A nova tarifa de 25% anunciada pelos Estados Unidos contra o Brasil acirra a disputa política entre Lula e a direita, que discutem quem é responsável pelo "tarifaço 2.0". A viagem de Flávio Bolsonaro aos EUA e seu encontro com Trump deixaram o bolsonarismo politicamente ligado ao anúncio das sanções.

A polêmica em torno das tarifas americanas de 25% contra produtos brasileiros virou o grande tema da pré-campanha presidencial de 2026. Enquanto Lula e a oposição debatem, a pergunta que domina os bastidores da política é uma só: quem vai ficar com a conta dessa decisão de Donald Trump?
O cenário remonta à história que o Brasil já viveu. Em 2025, quando o ex-deputado cassado Eduardo Bolsonaro esteve nos EUA articulando sanções contra ministros do Supremo Tribunal Federal, um primeiro tarifaço caiu em julho. Agora, a novela se repete com Flávio Bolsonaro, senador e pré-candidato presidencial. Ele esteve em Washington em busca de uma vitória política para seu campo — especialmente após conseguir que os EUA classificassem o PCC e o Comando Vermelho como organizações terroristas. Só que, junto com essa "bagagem positiva", veio o novo tarifaço.

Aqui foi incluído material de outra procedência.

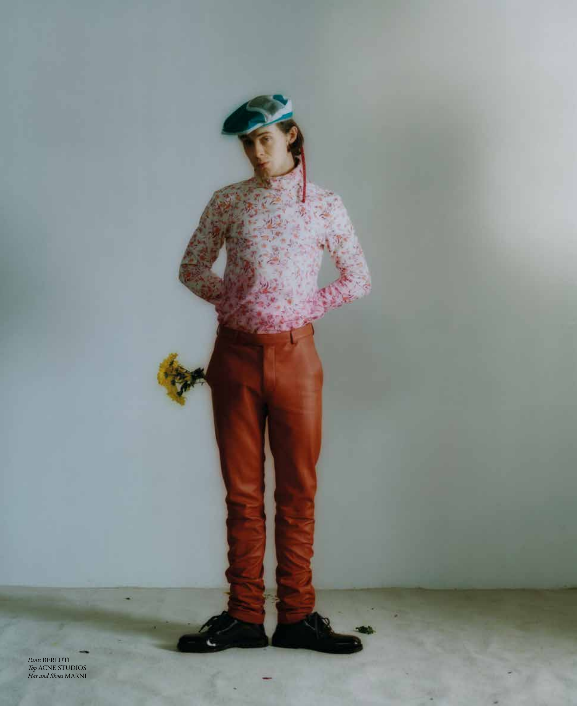
Pants BERLUTI Top ACNE STUDIOS Hat and Shoes MARNI
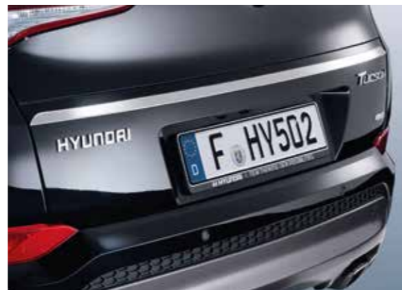
Tailgate trim line, chrome optic

O governo Lula não perde tempo em explorar politicamente a situação. A estratégia é simples e direta: colar a responsabilidade pelas tarifas na família Bolsonaro, reforçar o discurso de soberania nacional e convencer o eleitorado de que há culpados pelo prejuízo econômico que o Brasil pode enfrentar. O próprio Trump reforçou essa ligação ao republicar a foto do encontro com Flávio, trazendo novamente para o debate quem esteve envolvido nas articulações que antecederam o anúncio das sanções.
No fim, menos do que uma discussão técnica sobre tarifas, o que está em jogo agora é a autoria política e o desgaste que ela carrega. E neste momento, a fatura está bem clarinha na mesa do bolsonarismo — e eles tentam se desvincular, mas os fatos ficaram colados.